Exercise requirements:
Quote all of the data that follows exactly as written, skipping the images.

[Data records]
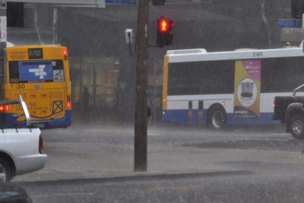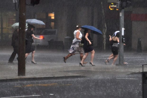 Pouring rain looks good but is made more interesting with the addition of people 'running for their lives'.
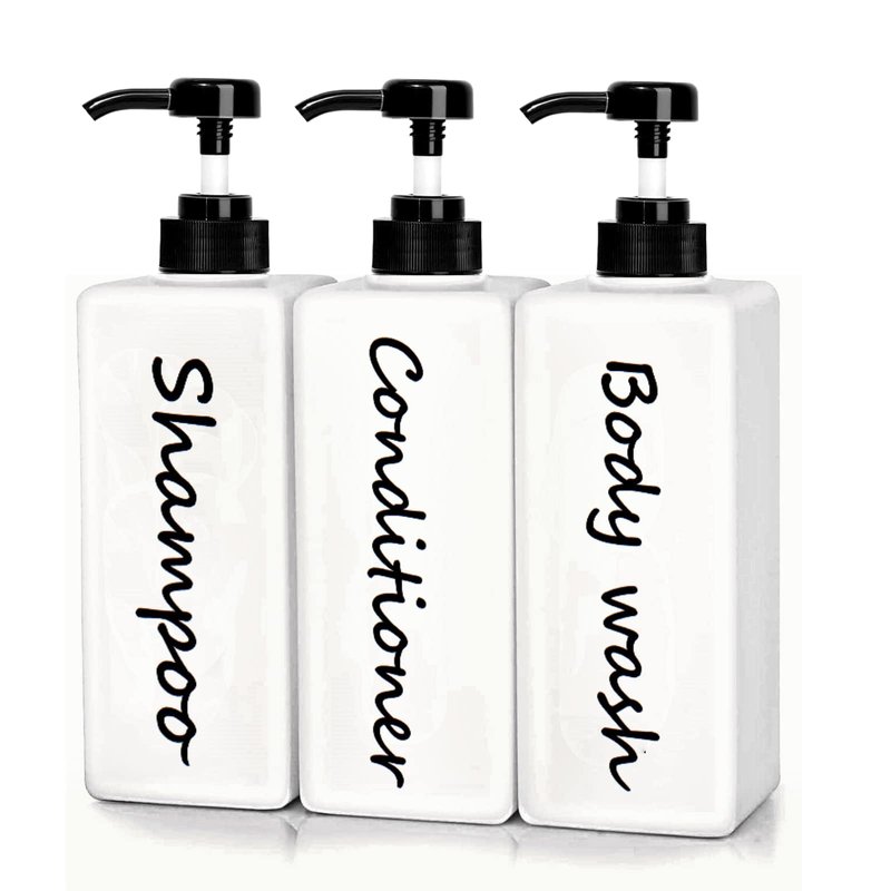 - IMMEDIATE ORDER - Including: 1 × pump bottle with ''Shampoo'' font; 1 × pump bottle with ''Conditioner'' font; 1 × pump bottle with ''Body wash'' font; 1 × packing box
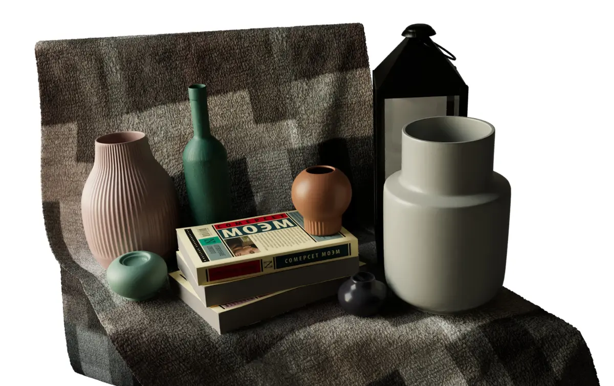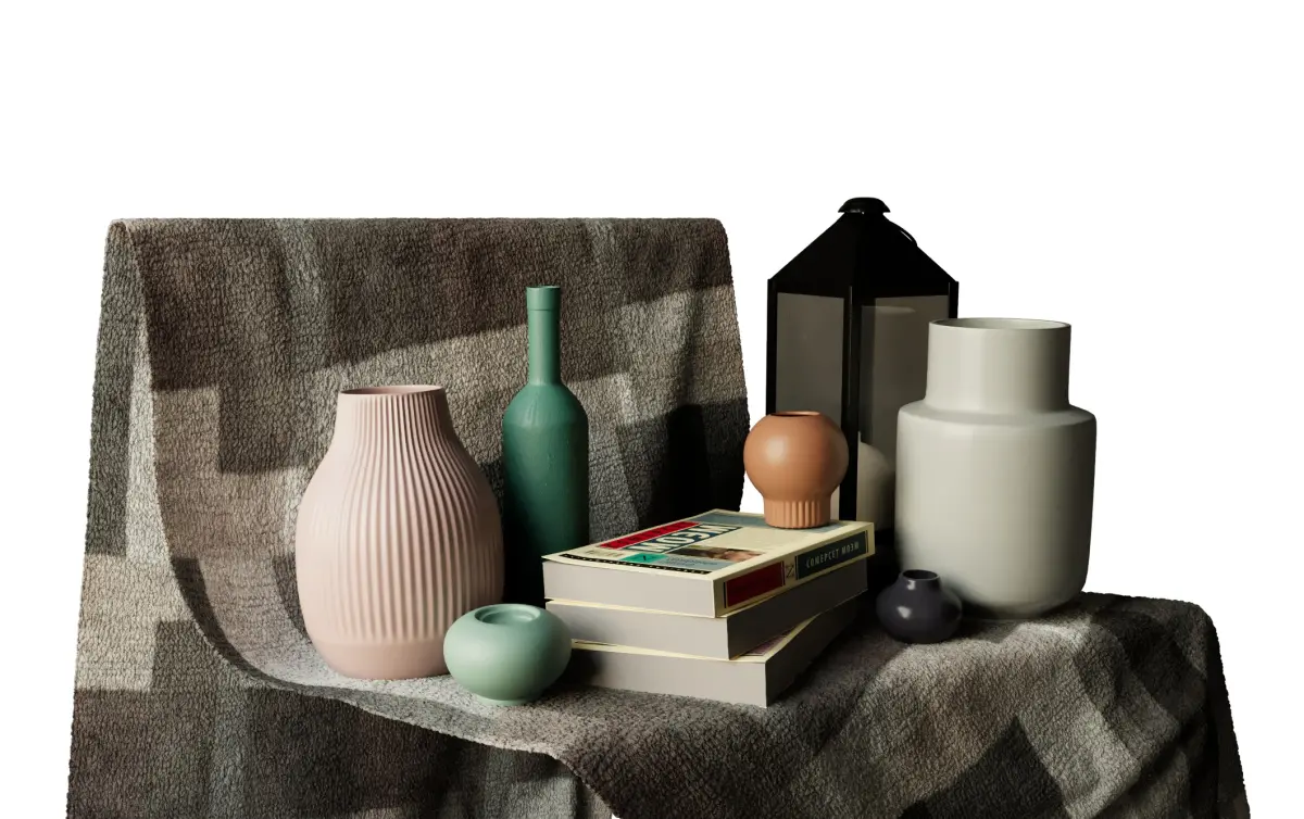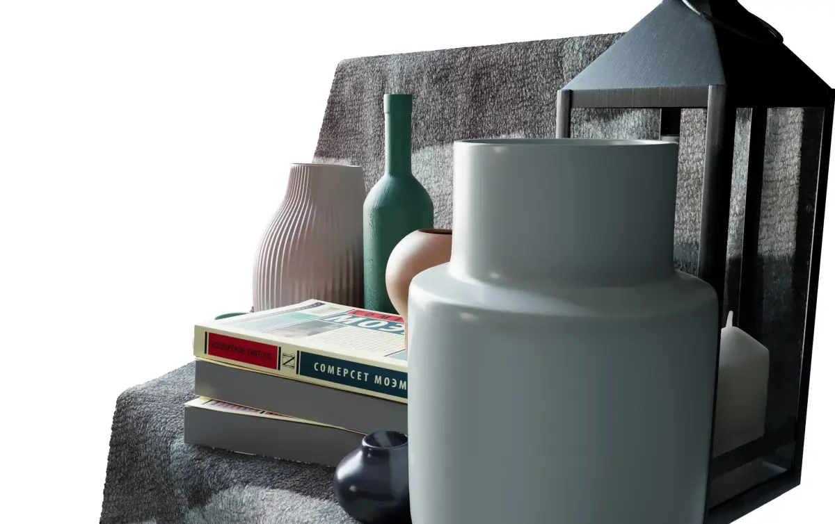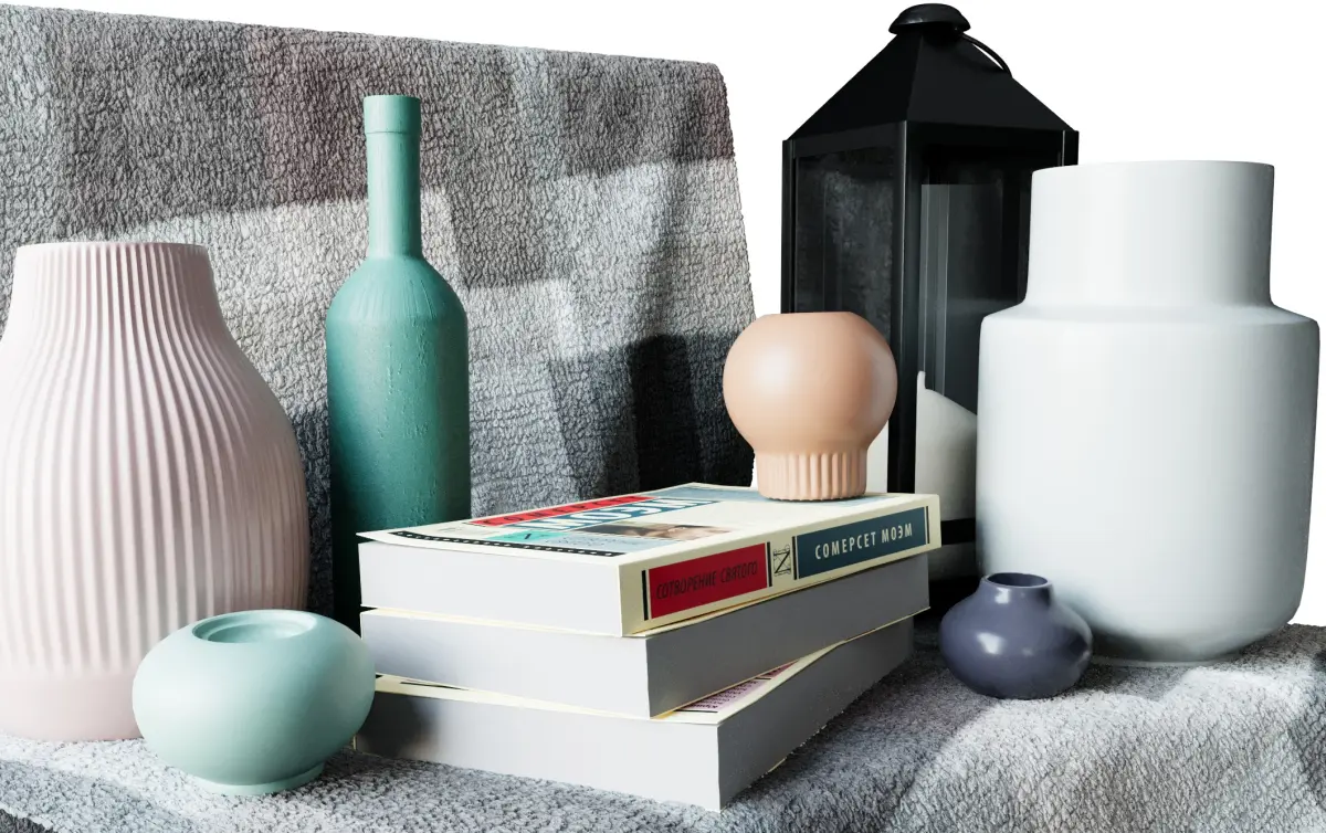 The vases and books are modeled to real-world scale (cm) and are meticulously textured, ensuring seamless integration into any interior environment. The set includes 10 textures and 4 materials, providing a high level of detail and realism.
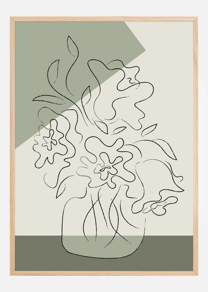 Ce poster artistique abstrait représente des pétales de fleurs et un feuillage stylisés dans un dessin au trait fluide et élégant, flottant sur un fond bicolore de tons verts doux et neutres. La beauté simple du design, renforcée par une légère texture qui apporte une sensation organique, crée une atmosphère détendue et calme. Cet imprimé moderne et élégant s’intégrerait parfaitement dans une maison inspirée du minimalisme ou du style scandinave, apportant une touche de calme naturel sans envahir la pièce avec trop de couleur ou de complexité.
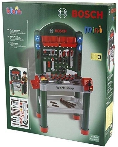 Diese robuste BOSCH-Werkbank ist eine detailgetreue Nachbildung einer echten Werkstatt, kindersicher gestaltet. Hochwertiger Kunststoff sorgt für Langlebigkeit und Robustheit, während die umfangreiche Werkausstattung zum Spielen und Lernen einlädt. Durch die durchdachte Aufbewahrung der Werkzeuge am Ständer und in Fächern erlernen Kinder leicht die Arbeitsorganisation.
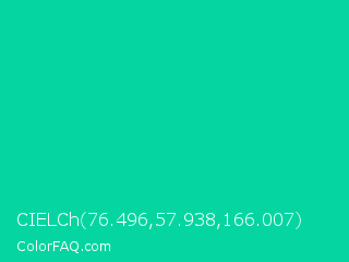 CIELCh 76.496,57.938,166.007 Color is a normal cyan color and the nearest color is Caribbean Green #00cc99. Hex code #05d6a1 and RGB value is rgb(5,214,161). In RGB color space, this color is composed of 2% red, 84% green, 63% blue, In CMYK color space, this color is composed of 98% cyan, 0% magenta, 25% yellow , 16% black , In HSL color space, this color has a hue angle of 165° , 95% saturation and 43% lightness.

Response to the task:
 Pouring rain looks good but is made more interesting with the addition of people 'running for their lives'.
 - IMMEDIATE ORDER - Including: 1 × pump bottle with ''Shampoo'' font; 1 × pump bottle with ''Conditioner'' font; 1 × pump bottle with ''Body wash'' font; 1 × packing box
 The vases and books are modeled to real-world scale (cm) and are meticulously textured, ensuring seamless integration into any interior environment. The set includes 10 textures and 4 materials, providing a high level of detail and realism.
 Ce poster artistique abstrait représente des pétales de fleurs et un feuillage stylisés dans un dessin au trait fluide et élégant, flottant sur un fond bicolore de tons verts doux et neutres. La beauté simple du design, renforcée par une légère texture qui apporte une sensation organique, crée une atmosphère détendue et calme. Cet imprimé moderne et élégant s’intégrerait parfaitement dans une maison inspirée du minimalisme ou du style scandinave, apportant une touche de calme naturel sans envahir la pièce avec trop de couleur ou de complexité.
 Diese robuste BOSCH-Werkbank ist eine detailgetreue Nachbildung einer echten Werkstatt, kindersicher gestaltet. Hochwertiger Kunststoff sorgt für Langlebigkeit und Robustheit, während die umfangreiche Werkausstattung zum Spielen und Lernen einlädt. Durch die durchdachte Aufbewahrung der Werkzeuge am Ständer und in Fächern erlernen Kinder leicht die Arbeitsorganisation.
 CIELCh 76.496,57.938,166.007 Color is a normal cyan color and the nearest color is Caribbean Green #00cc99. Hex code #05d6a1 and RGB value is rgb(5,214,161). In RGB color space, this color is composed of 2% red, 84% green, 63% blue, In CMYK color space, this color is composed of 98% cyan, 0% magenta, 25% yellow , 16% black , In HSL color space, this color has a hue angle of 165° , 95% saturation and 43% lightness.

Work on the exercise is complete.